PACIFIC ALLIANCE COUNTRY UPDATES
Peru’s Double Downward Trends: Inflation and Growth
Guillermo Arbe, Head Economist, Peru
+51.1.211.6052 (Peru)
guillermo.arbe@scotiabank.com.pe
Everything seems to be weakening in Peru, for both good and bad. Shall we start with the good? Inflation. Based on the key prices we follow, monthly inflation in November is tracking at 0.1%. It’s still early in the month, but it seems to be a good bet to say that inflation this November will be well below the 0.5% monthly inflation of November 2022 (chart 1). This means that yearly inflation, currently at 4.3% (to October), is likely to approach 4.0% this month, and may even dip into three percent territory at the close of 2023. This is a much better result than our full-year forecast of 4.6%, which we must now put under revision. More importantly, lower-than-expected inflation gives the BCRP (which is, of course, aware of the November trend) additional motivation to reduce the reference rate more quickly, ratifying our expectation of a further cut in December.
Ah! But, what about El Niño? Yes, we still expect it to cause a temporary upsurge in food prices in Q1-24. And yet the same degree of upsurge that we expect, if it’s off a lower inflationary base, contractionary monetary policy.
Still, before we make any major changes in our reference rate forecasts, it might be wise to wait to see what December brings in terms of rain. After all, the local weather monitoring agency (ENFEN- Estudio Nacional del Fenómeno del Niño) has upped the likelihood of El Niño being a strong event from 33% to 49% (chart 2). It is now more likely that El Niño will be strong (49%) than that it will be moderate (48%). Two years of El Niño wrought havoc on agriculture cannot be good for domestic prices.

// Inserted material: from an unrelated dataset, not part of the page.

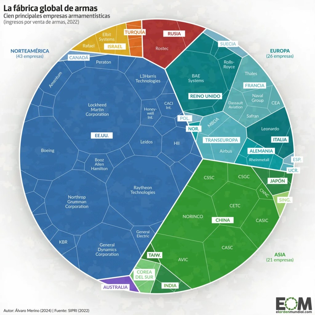 Por su parte, la mayoría de las empresas estadounidenses en esta lista vieron crecer sus ganancias en un 3,8 %, aproximadamente 334.000 millones de dólares. Cinco de las seis empresas más importantes a nivel mundial son estadounidenses: Lockheed Martin, RTX, Northrop Grumman, General Dynamics y Boeing. (El cuarto lugar de este grupo lo ocupa la británica BAE System). (https://www.sipri.org/visualizations/2025/sipri-top-100-arms-producing-and-military-services-companies-world-2024).

The good thing that 2023 teaches, however, is that once El Niño is over (or pauses, as is currently the case in 2023), prices correct downward quite quickly. It’s only the first semester that we need to worry about in 2024; by the end of the year inflation should once again be under control.
Meanwhile, authorities must deal with a floundering economy. On November 15th the figures for September GDP will be published. Early indicators are not very hopeful. The most recent figure was September agriculture GDP, which was down a huge 13.9%, y/y, the second sharpest monthly decline since severe El Niño weather has been lashing out this year. Agriculture & livestock, which together represent 6% of GDP, fell 8.8%. This alone will knock off half a percentage point from aggregate GDP growth in September. This suggests, but does not ensure, that September GDP growth will be negative, as mining output was strong. Mining and oil & gas GDP rose (coincidentally) 8.8%, a mirror image of agriculture. Except that its weight is much greater, 14% of GDP. The balance depends on domestic demand linked sectors, some of which, such as manufacturing and construction, have been significantly underwater for some time, a situation that is not likely to change quickly. All in all, we would be happy to see positive GDP growth in September, but fully expect to be disappointed. Our models, given the trends of domestic demand sectors, point to a figure half a point south of nil. So, a positive growth figure is likely to be postponed to October. Maybe.